The stairway that had collapsed on the bottom floor was still intact on the second, and even though I could see a few glimmers of sunlight creeping in through holes in the walls, the only bright light seemed to come from the top of the stairs, up on the third floor.
Every step that I took up those stairs creaked and complained, and a couple of times I had to side step as I felt the stair start to give under my weight.
Finally, I made it up to the second floor and crept over the rickety boarding to the room at the front. And, yes, I found that it was just one big room.
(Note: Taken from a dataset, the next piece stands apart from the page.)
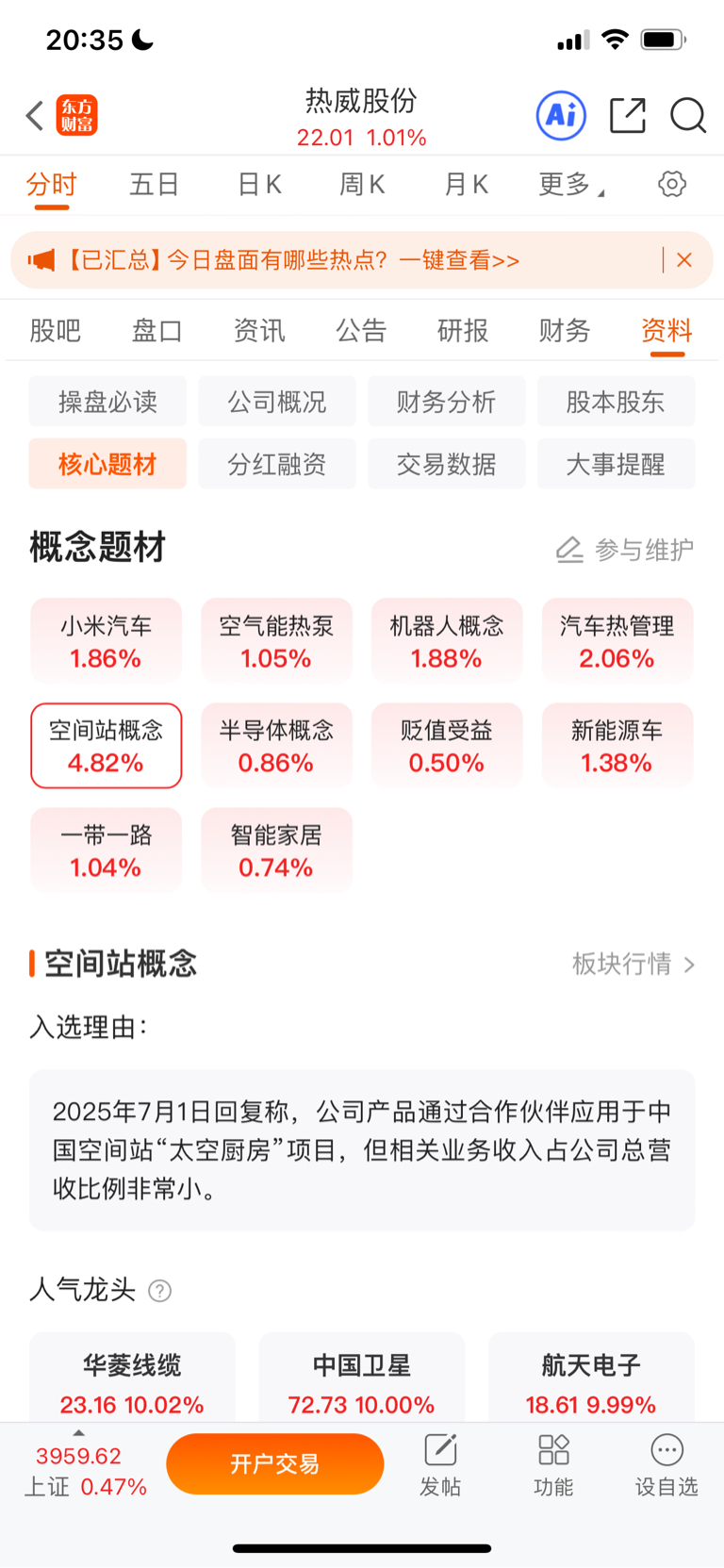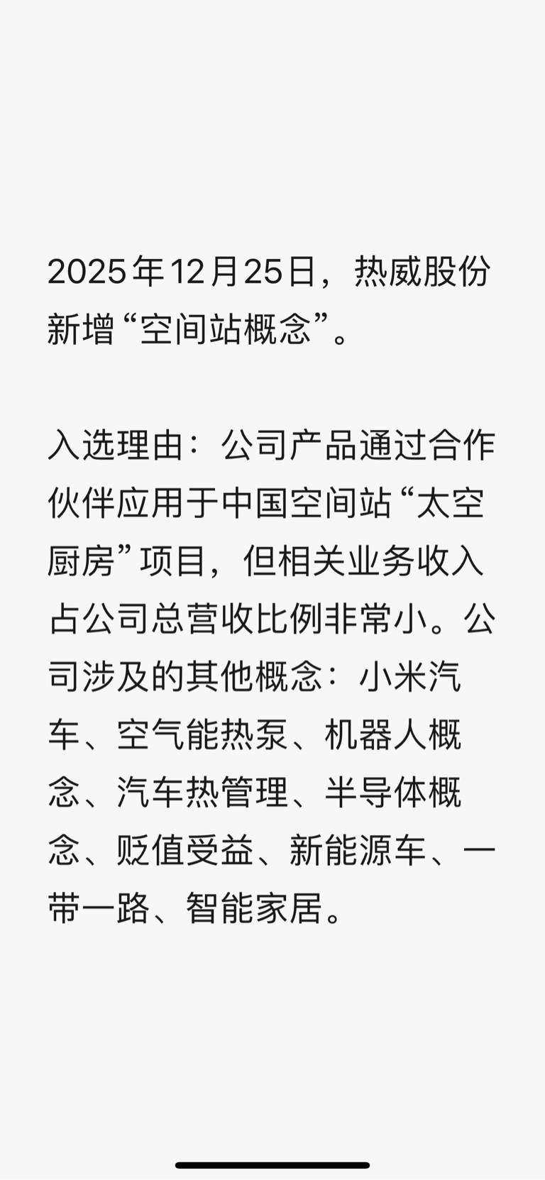 【概念速递】热威股份新增“空间站概念”

I always get a thrill when it comes to searching out new places – or old places, as it were. There’s an adrenaline buzz that always comes with the excitement of possibilities. A lot of the time I would be treading where no one had been for decades, sometimes much longer, and the thought that there could be something incredible hidden away, untouched by people for so long, was what I think always made my job as an Outrider so exciting. I guess it was part of what made you an Outrider. It was in the blood.
Like the time we found the computer system that Admin now uses, and the times when we’ve discovered outposts of people, hidden away where no one thought there was a living soul. Once, we found a sealed bunker filled to the brim with ancient but high tech weaponry and batteries, and another time, just a year ago now, we found an entire library of books, thousands and thousands of them, sealed in airtight plastic containers.
That feeling always seems to come when I start to think I’m getting close to something, and as I stepped into the large room two floors above the garage, where the vent should come out, squinting against the brightness of the sunlight, that feeling was stronger than any time before.